**Task to complete**
Each line of the listing below must be retyped exactly, with images left out.

**Dataset excerpt**

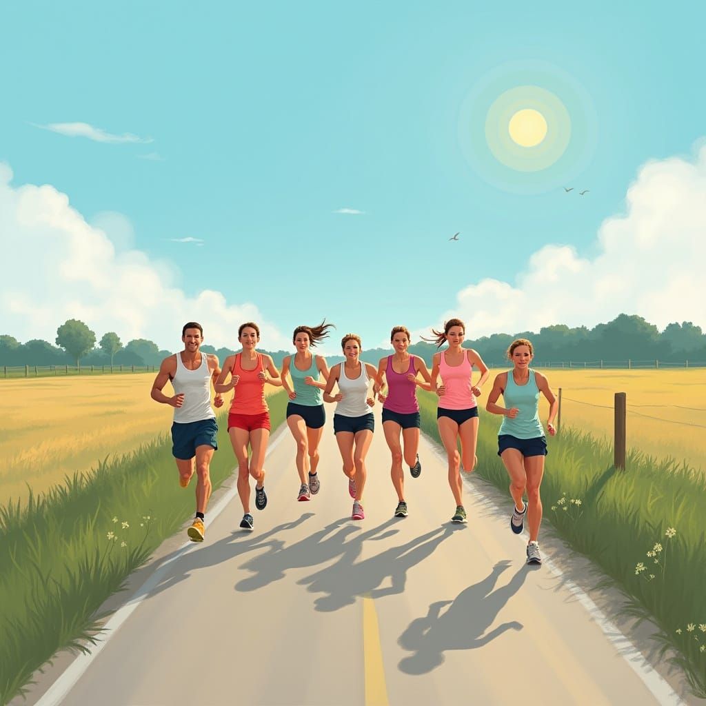 This image captures a lively group of runners, both men and women, of various ages, as they jog along a worn-out track surrounded by trees and a vast open field. The bright blue sky and warm sunlight add to the joyful atmosphere, showcasing the runners' energetic and carefree spirit.
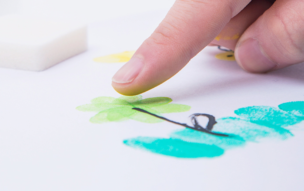 例如手指拓印,让孩子用手指蘸上颜料在纸上轻轻一按,再用画笔稍微的加几笔,有趣的画作就完成了。
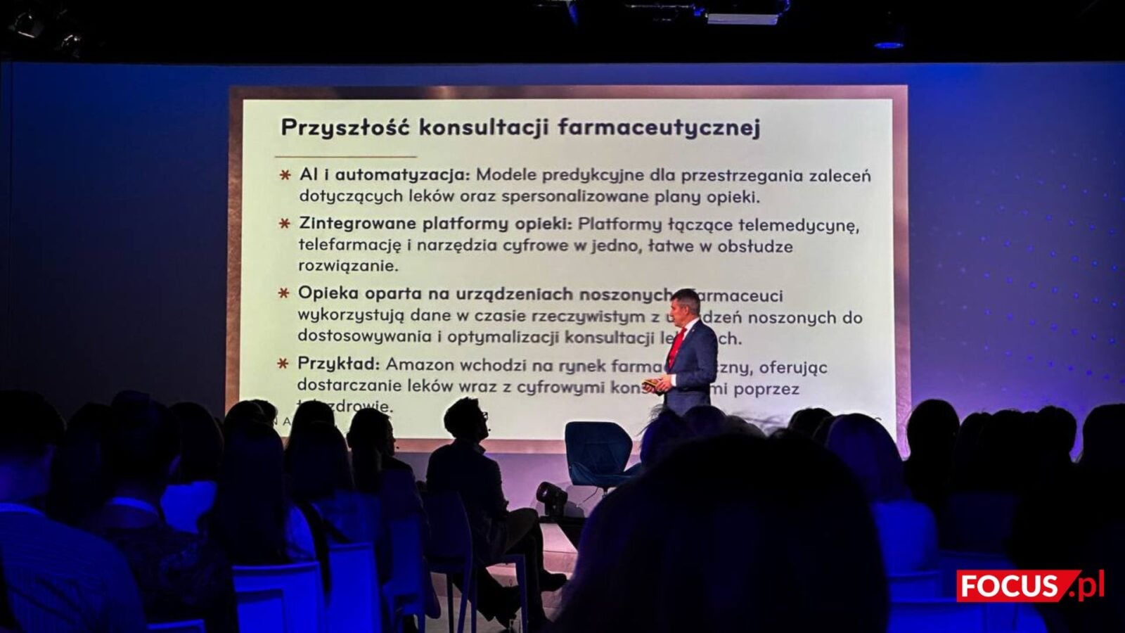 Pierwszą sesję zakończył mgr Klaudiusz Gajewski, farmaceuta i Członek Rady Okręgowej Izby Aptekarskiej, który wraz z gościnnym udziałem online dr Piotra Merksa, opowiedział, jak sztuczna inteligencja wpływa na pracę farmaceutów, umożliwiając bardziej spersonalizowaną konsultację. Z kolei rozwiązania cybernetyczne zapewniają bezpieczeństwo i umożliwiają skuteczniejsze zarządzanie zapasami leków. Prezentacja skupiła się na konkretnych przykładach technologii, ich aktualnego zastosowania w aptekach oraz potencjalnych korzyści dla pacjentów i biznesu.

**Output for this exercise**
 This image captures a lively group of runners, both men and women, of various ages, as they jog along a worn-out track surrounded by trees and a vast open field. The bright blue sky and warm sunlight add to the joyful atmosphere, showcasing the runners' energetic and carefree spirit.
 例如手指拓印,让孩子用手指蘸上颜料在纸上轻轻一按,再用画笔稍微的加几笔,有趣的画作就完成了。
 Pierwszą sesję zakończył mgr Klaudiusz Gajewski, farmaceuta i Członek Rady Okręgowej Izby Aptekarskiej, który wraz z gościnnym udziałem online dr Piotra Merksa, opowiedział, jak sztuczna inteligencja wpływa na pracę farmaceutów, umożliwiając bardziej spersonalizowaną konsultację. Z kolei rozwiązania cybernetyczne zapewniają bezpieczeństwo i umożliwiają skuteczniejsze zarządzanie zapasami leków. Prezentacja skupiła się na konkretnych przykładach technologii, ich aktualnego zastosowania w aptekach oraz potencjalnych korzyści dla pacjentów i biznesu.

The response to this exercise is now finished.